I kept expecting Mrs. Baxter, Orloff’s landlady, to play a significant role in proceedings; that doesn’t happen, and her character serves no real purpose. On the other hand, I was quite impressed by the police procedural aspects, in particular a scene where the Inspector has to wrangle witnesses of wildly varied social stature into putting together a composite portrait, only to find there are two, clearly different descriptions. Fortunately, the sharpest tool in the box is also present, in the shape of a blind man, whose heightened senses provide a couple of key elements that narrow down the inquiry, and also gives Selby a crucial clue after Cynthia is abducted. However, the ending falls kinda flat: rather than any kind of fitting retribution for or by society, on behalf of the numerous victims, Orloff simply gives himself up, though in response to Selby’s assertion, “You are Jack the Ripper,” the doctor counters coolly, “You will have to prove that first.”

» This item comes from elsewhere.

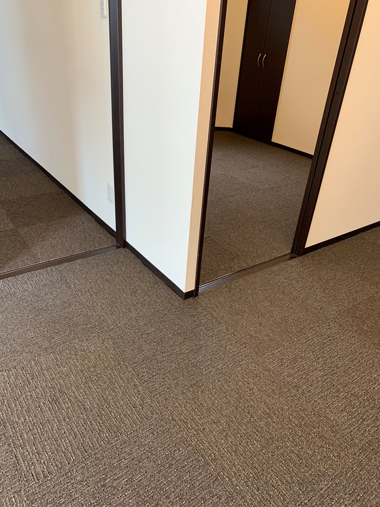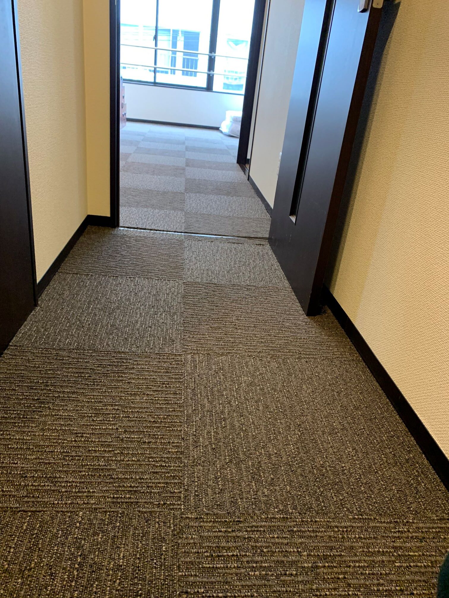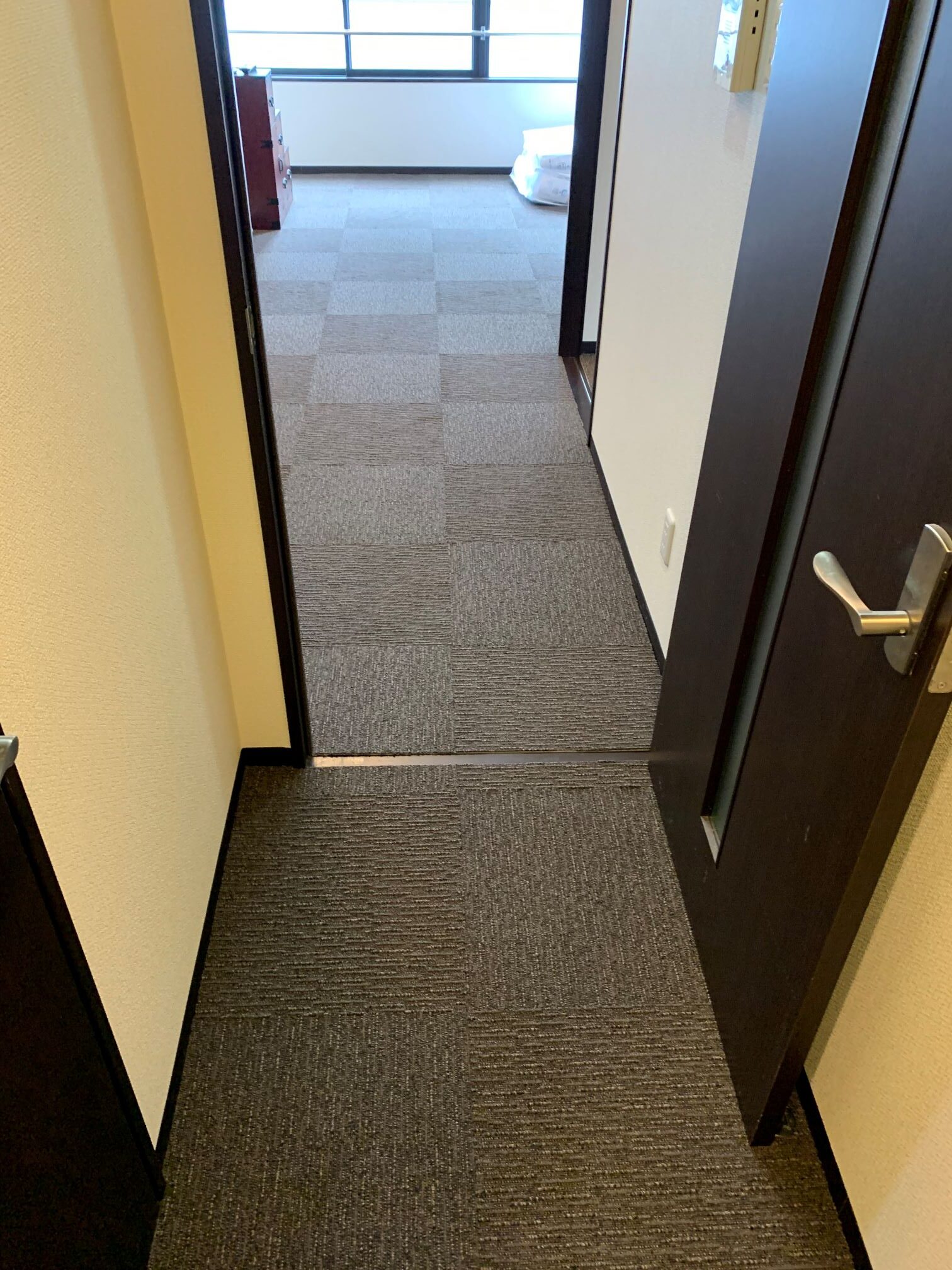 大阪市北区 S様邸 タイルカーペット施工例 フローリングの床に接着剤要らずのタイルカーペットを敷詰めにて施工させていただきました♪ 汚れたところだけいつでも外して洗えます。 ループに高低差がありナチュラルな雰囲気を演出! 東リ㈱ FF2102 約50㎡ 施工時間約2時間30分

There are occasional, albeit slight, nods to real Ripperology. For there is some evidence to suspect the real Ripper may, like Orloff, have had medical training, and the film does make a reference to him having “relatives at Buckingham Palace”, perhaps hinting at the connection to the British royal family which has been suggested by some. However, this is an entity appreciated for its own merits, whatever they might be, and not as any kind of historical reconstruction. In particular, it’s good to see a Kinski film which truly lives up to that label, with him front, center and given the opportunity to unleash, quite possibly, a few of his own inner demons involving sex and death. As so often, however, you are left to wonder what might have been, had the material been handled by a better director than Franco, though the results here are certainly among the upper tier of his filmography. Just don’t inflict the dubbed version on youself, for that would be far more horrible than any of the breast-removing and repeated stabbings carried out on Orloff’s victims!